Schema Note: Schema inference improves data quality but may slow down loading.

5. Enable Quality Validation

Environment Variable: DATA_LOADER_ENABLE_QUALITY_VALIDATION

Type: Boolean

Default: True

Description: Whether to enable data quality validation during loading. Quality validation checks for missing values, data type consistency, and other quality issues.

Values:

  • true - Enable quality validation (default)

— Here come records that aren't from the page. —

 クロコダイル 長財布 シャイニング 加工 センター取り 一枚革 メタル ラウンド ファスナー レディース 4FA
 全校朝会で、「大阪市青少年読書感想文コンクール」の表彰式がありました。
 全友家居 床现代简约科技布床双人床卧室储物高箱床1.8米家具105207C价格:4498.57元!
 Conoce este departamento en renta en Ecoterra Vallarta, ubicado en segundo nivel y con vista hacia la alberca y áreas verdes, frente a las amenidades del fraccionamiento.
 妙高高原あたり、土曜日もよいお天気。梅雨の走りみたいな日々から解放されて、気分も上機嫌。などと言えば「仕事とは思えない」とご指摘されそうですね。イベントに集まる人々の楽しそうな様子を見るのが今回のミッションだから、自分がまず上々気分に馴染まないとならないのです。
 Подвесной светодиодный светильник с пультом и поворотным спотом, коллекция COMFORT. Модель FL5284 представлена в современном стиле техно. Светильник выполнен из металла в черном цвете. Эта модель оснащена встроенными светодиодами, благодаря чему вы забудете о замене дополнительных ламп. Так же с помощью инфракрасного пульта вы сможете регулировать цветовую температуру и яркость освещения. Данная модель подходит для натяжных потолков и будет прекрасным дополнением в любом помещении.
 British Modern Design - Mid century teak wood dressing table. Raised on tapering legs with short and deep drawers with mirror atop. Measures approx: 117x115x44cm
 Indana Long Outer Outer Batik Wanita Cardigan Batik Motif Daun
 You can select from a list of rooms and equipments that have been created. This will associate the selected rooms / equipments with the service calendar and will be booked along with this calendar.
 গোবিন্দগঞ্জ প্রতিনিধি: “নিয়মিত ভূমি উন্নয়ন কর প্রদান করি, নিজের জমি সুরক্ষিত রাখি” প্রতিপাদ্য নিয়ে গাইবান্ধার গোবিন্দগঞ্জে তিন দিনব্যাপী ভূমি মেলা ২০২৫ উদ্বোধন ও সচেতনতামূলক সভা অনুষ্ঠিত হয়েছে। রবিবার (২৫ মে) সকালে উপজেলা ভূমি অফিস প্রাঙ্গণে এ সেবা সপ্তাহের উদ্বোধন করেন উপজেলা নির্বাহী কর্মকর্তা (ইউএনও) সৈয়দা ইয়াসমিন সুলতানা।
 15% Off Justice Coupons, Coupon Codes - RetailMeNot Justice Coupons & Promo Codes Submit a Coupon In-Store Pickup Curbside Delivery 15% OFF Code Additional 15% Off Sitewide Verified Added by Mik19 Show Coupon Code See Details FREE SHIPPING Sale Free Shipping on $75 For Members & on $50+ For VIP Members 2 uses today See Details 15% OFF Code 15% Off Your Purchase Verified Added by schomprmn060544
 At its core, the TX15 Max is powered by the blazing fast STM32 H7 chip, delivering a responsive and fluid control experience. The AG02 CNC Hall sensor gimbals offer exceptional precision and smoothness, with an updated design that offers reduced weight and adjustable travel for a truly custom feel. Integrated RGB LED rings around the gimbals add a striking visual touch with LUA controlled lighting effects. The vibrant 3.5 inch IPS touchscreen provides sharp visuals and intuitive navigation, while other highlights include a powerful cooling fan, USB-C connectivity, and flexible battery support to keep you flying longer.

  • false - Disable quality validation

Example:

export DATA_LOADER_ENABLE_QUALITY_VALIDATION=true

Quality Note: Quality validation improves data reliability but may slow down loading.

6. Default Encoding

Environment Variable: DATA_LOADER_DEFAULT_ENCODING

Type: String

Default: "utf-8"

Description: Default text encoding for file operations. This is used when no specific encoding is provided for text-based file formats.

Common Encodings:

  • utf-8 - Unicode UTF-8 (default, most common)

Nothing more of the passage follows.